COLLECTED DATA:
####################

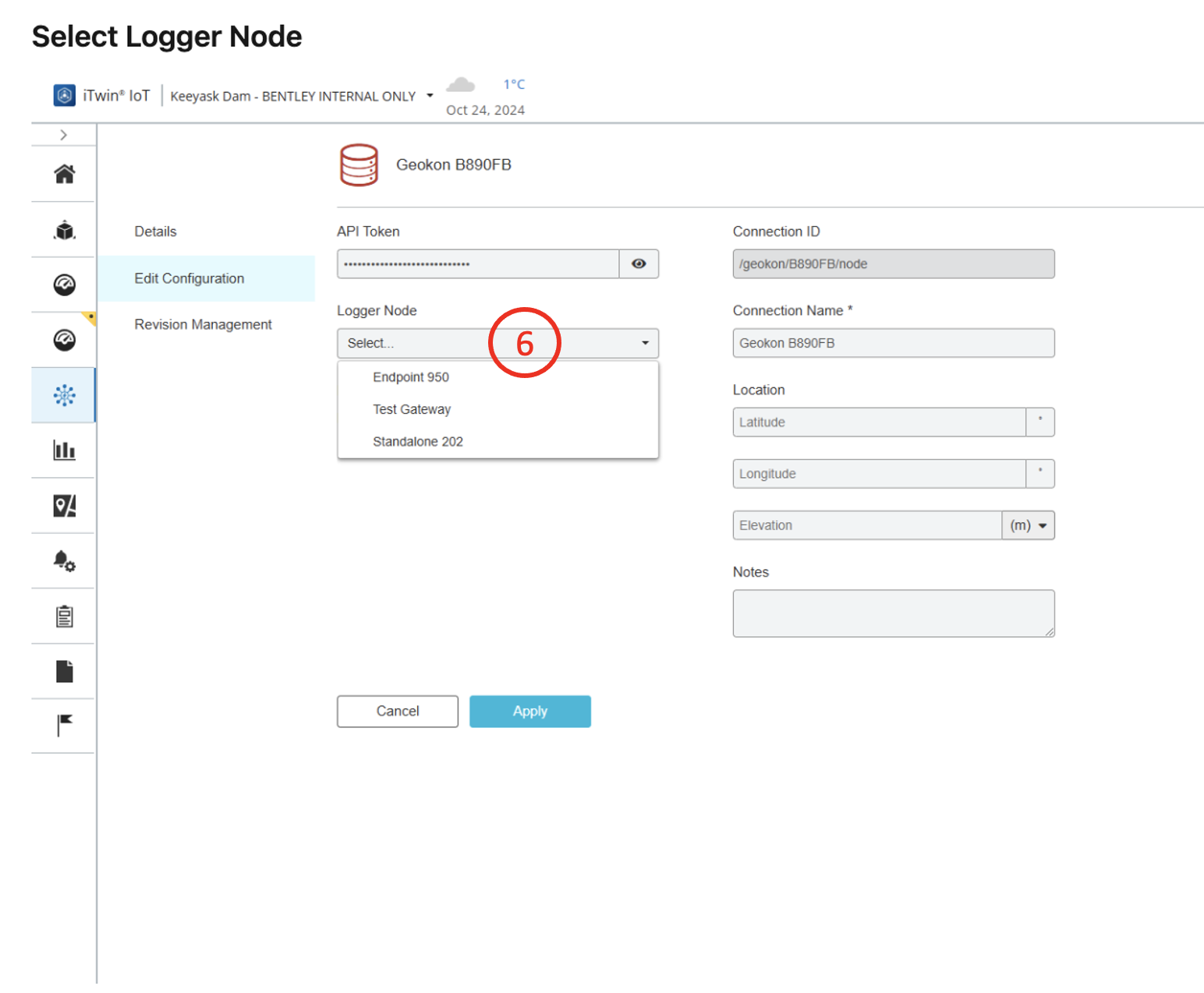 The Geokon Agent API connection allows users to bring data from their logger nodes and vibrating wire sensors in Geokon Agent into the iTwin IoT software for visualization. This article will guide you in establishing the connection between the Geokon software and iTwin IoT and enabling logger nodes within iTwin IoT to pull data into the selected project.
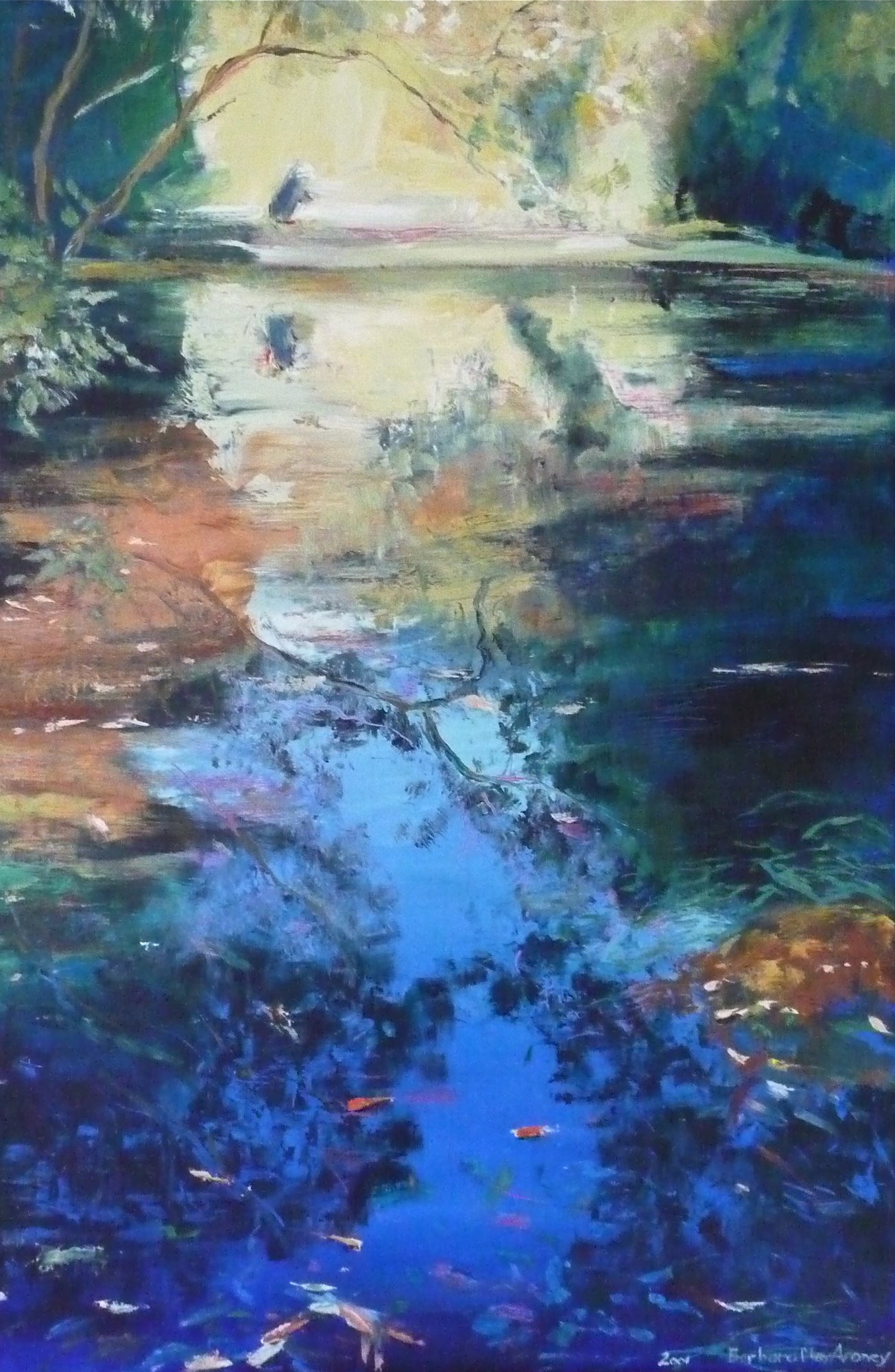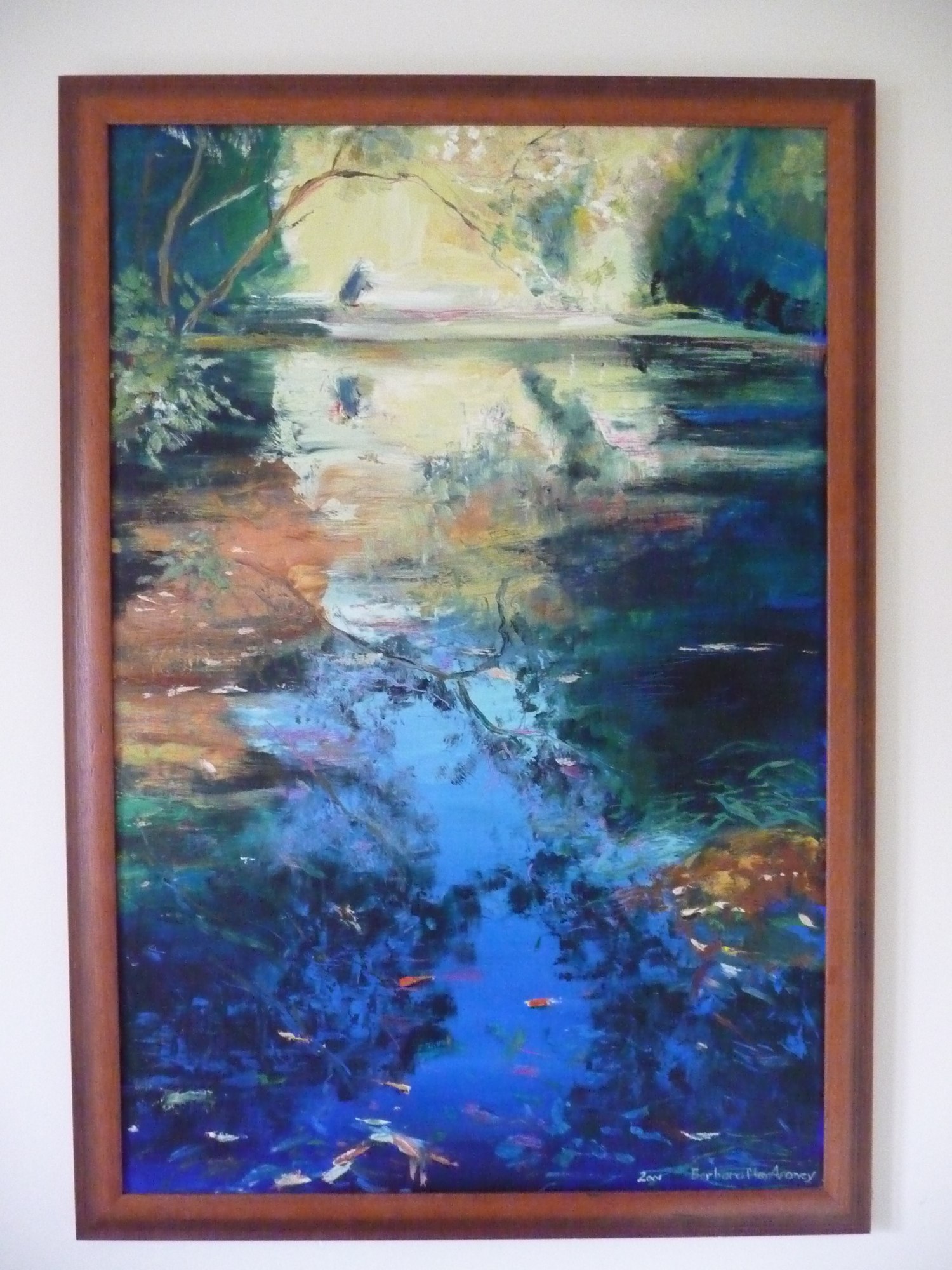 Layers of oil paint suggest the creek and surrounds, the figure of Neville in the background.
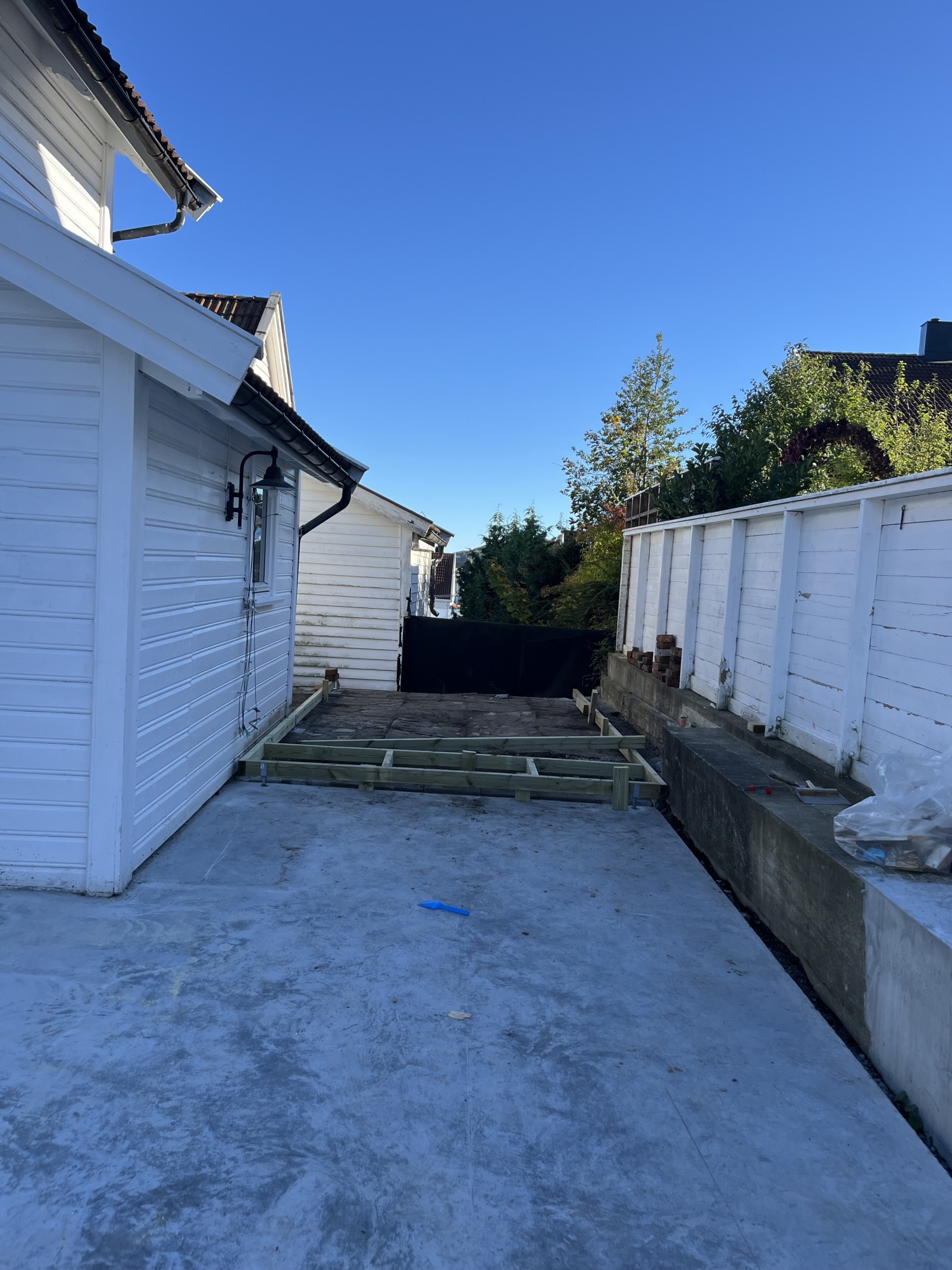 En sentral del av prosjektet var å skjule en eksisterende mur som ikke ga et pent uttrykk. Dette ble løst ved å ramme inn området på en gjennomtenkt måte med å lage en sittebenk langs plattingen slik at dette ble en naturlig del av hagen og ikke et blikkfang.
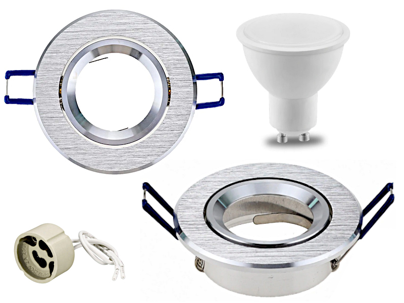 Алюминиевый потолочный светильник с рваной структурой, тип Aluminium INOX, с регулируемым углом света, в комплекте с лампочкой 6,5 Вт и цоколем GU10 - готов к установке!

####################

AIM OF THE EXERCISE: Without any of its pictures, the listing is to be repeated exactly as it stands.

WRITTEN RESPONSE:
 The Geokon Agent API connection allows users to bring data from their logger nodes and vibrating wire sensors in Geokon Agent into the iTwin IoT software for visualization. This article will guide you in establishing the connection between the Geokon software and iTwin IoT and enabling logger nodes within iTwin IoT to pull data into the selected project.
 Layers of oil paint suggest the creek and surrounds, the figure of Neville in the background.
 En sentral del av prosjektet var å skjule en eksisterende mur som ikke ga et pent uttrykk. Dette ble løst ved å ramme inn området på en gjennomtenkt måte med å lage en sittebenk langs plattingen slik at dette ble en naturlig del av hagen og ikke et blikkfang.
 Алюминиевый потолочный светильник с рваной структурой, тип Aluminium INOX, с регулируемым углом света, в комплекте с лампочкой 6,5 Вт и цоколем GU10 - готов к установке!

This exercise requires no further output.